Page MenuHomePhabricator

Agree on a repository structure for Airflow-related code
Closed, DuplicatePublic

Description

To be able to start writing Airflow code, we need to define a repository structure for our related code.
Let's discuss in this task, and come to an agreement :-)

Event Timeline

Option 1: Single repository

Put all code in the same repository, organized in high-level folders including:

  • Shared code (DAG templates, custom operators, common defaults, etc.)
  • Code specific to team A
  • Code specific to team B
  • ...
  • Code specific to team N
  • Others (scripts, config, CI, license, readme, etc.)

PROS

  • Having a single repository is easier and faster to configure and get working.
  • The repository could include a set of scripts that quickly spin up a development environment that one can use i.e. in a stats machine. That would be usable consistently by all teams and we all could contribute to improve it.
  • Having one single repository for teams code helps setting a standard for coding (syntax and folder structure) and best practices across teams.
  • Having one single repository for teams code makes changes/features/ideas from other teams more visible and easier to reuse; Also helps newcomers have plenty examples to base their new code on.

CONS

  • We might have shared code versioning problems. If a team modifies a shared feature, it can affect the development/deployment pipeline of other teams.

Option 2: Common repository + Shared library repository

Have 2 repositories: The common repository, organized in high-level folders per team, including:

  • Code specific to team A
  • Code specific to team B
  • ...
  • Code specific to team N
  • Others (scripts, config, CI, license, readme, etc.)

And the shared library repository, including:

  • Shared code (DAG templates, custom operators, common defaults, etc.)
  • Others (scripts, config, CI, license, readme, etc.)

PROS

  • The common teams repository could include a set of scripts that quickly spin up a development environment that one can use i.e. in a stats machine. That would be usable consistently by all teams and we all could contribute to improve it.
  • Having one single repository for teams code helps setting a standard for coding (syntax and folder structure) and best practices across teams.
  • Having one single repository for teams code makes changes/features/ideas from other teams more visible and easier to reuse; Also helps newcomers have plenty examples to base their new code on.
  • The separate shared library repository allows for shared code versioning. So that each team can develop and deploy at their own pace.

CONS

  • Configuring the 2 repositories is less straight forward than just 1 repository.
odimitrijevic triaged this task as High priority.
odimitrijevic moved this task from Incoming to Airflow on the Analytics board.

Hey @mforns thanks for starting this.

To keep complexity low to being with, I'd be keen to start with a monorepo like the pattern proposed in Option 1. IMHO it's easier to split things up, rather than consolidate them.

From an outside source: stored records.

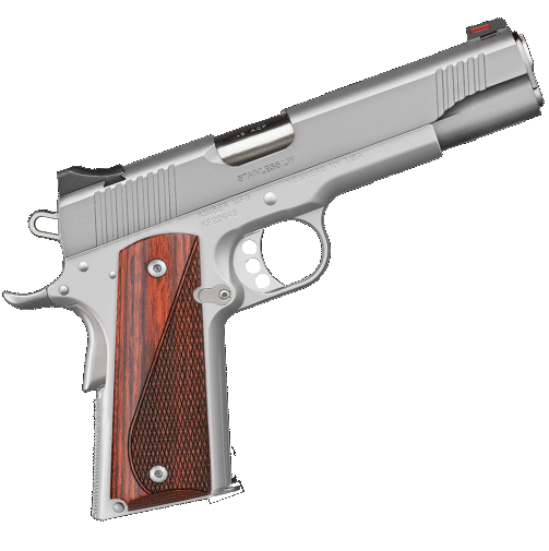 The STAINLESS LW is a limited time special offering 1911, with white dot rear sight and red fiber optic front sights,weight reducing aluminum frame, Stainless small parts and striking "cocobolo" laminate grips with checkered gripping area for positive hold round out this unique package. Match grade stainless barrel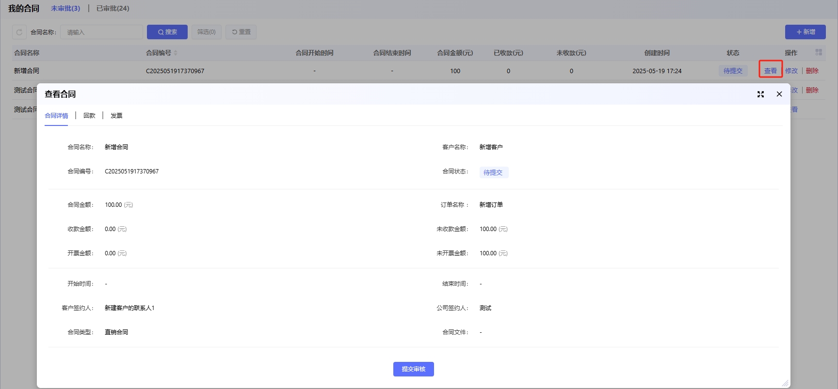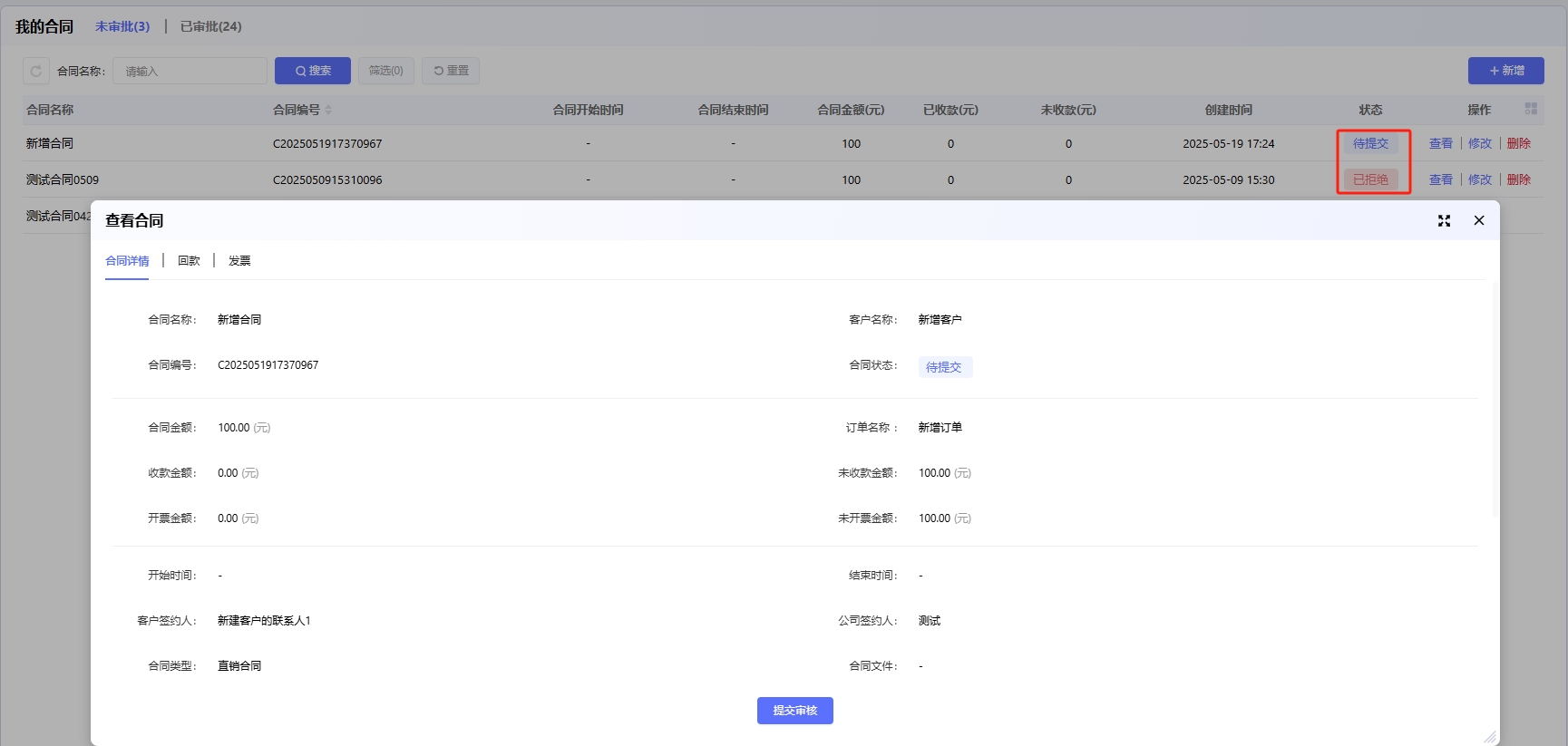合同提审:可以把合同状态为待提交和已驳回的提交审核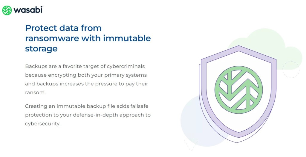 We all know that ransomware attacks are increasing in numbers and complexity targeting organisations backups to prevent them from restoring their data without paying a ransom. This is where Wasabi’s immutability feature ensures that once your backups are stored as immutable, it cannot be changed, deleted or modified by anyone, even with administrator access, not even Wasabi can change or delete your backups. In the event of a ransomware attack, you are confident your backup data remains intact.

In practice I need to cut my teeth and understand the practical implications of the tradeoffs you highlighted. I don't have a clear model of boundaries between teams / workflows, and the way dags and deps could be vendored and deployed.

I'm toying around with this structure https://github.com/gmodena/wmf-platform-airflow-dags, that is inspired by best practices suggested by Astronomer (and other literature) but I would not take for granted that they can map directly to our use cases. It's a monorepo along the lines you highlighted in Option 1 and aims to follow the approach taken by Search & Discovery for deployment (scap).

Happy to write up some thoughts once I have some more hands on experience.

FWIW I found these references useful:

@gmodena thanks for chiming in!

To keep complexity low to being with, I'd be keen to start with a monorepo like the pattern proposed in Option 1. IMHO it's easier to split things up, rather than consolidate them.

Agree. And we Data Engineering also are leaning towards option 1.

In practice I need to cut my teeth and understand the practical implications of the tradeoffs you highlighted. I don't have a clear model of boundaries between teams / workflows, and the way dags and deps could be vendored and deployed.

Yes, as we're all starting with Airflow, it's difficult to figure out the best way from scratch. I think we'll learn things as we move forward.

Thanks for the references. I found the one about dag-factories very interesting :]

mostly echoing @gmodena - I'm in favor of option 1. The ML Team has also been working with a monorepo for Lift-Wing inference services (model servers, clients & config) which has allowed us to iterate quickly with low overhead while we get the project off the ground. We've tried to keep things modular in case we need to split the repo in the future, but so far things have been good for the past 6-8 months.

I also think having a single repo would assist in onboarding newcomers to Airflow and help reach consesus re: best practices etc.

Thanks @ACraze for your thoughts!
I think we people who spoke in this task have a common understanding and preference for option 1.
People I spoke outside the task, are also not opposed to the mono-repository.
I'd say, we can move forward with it.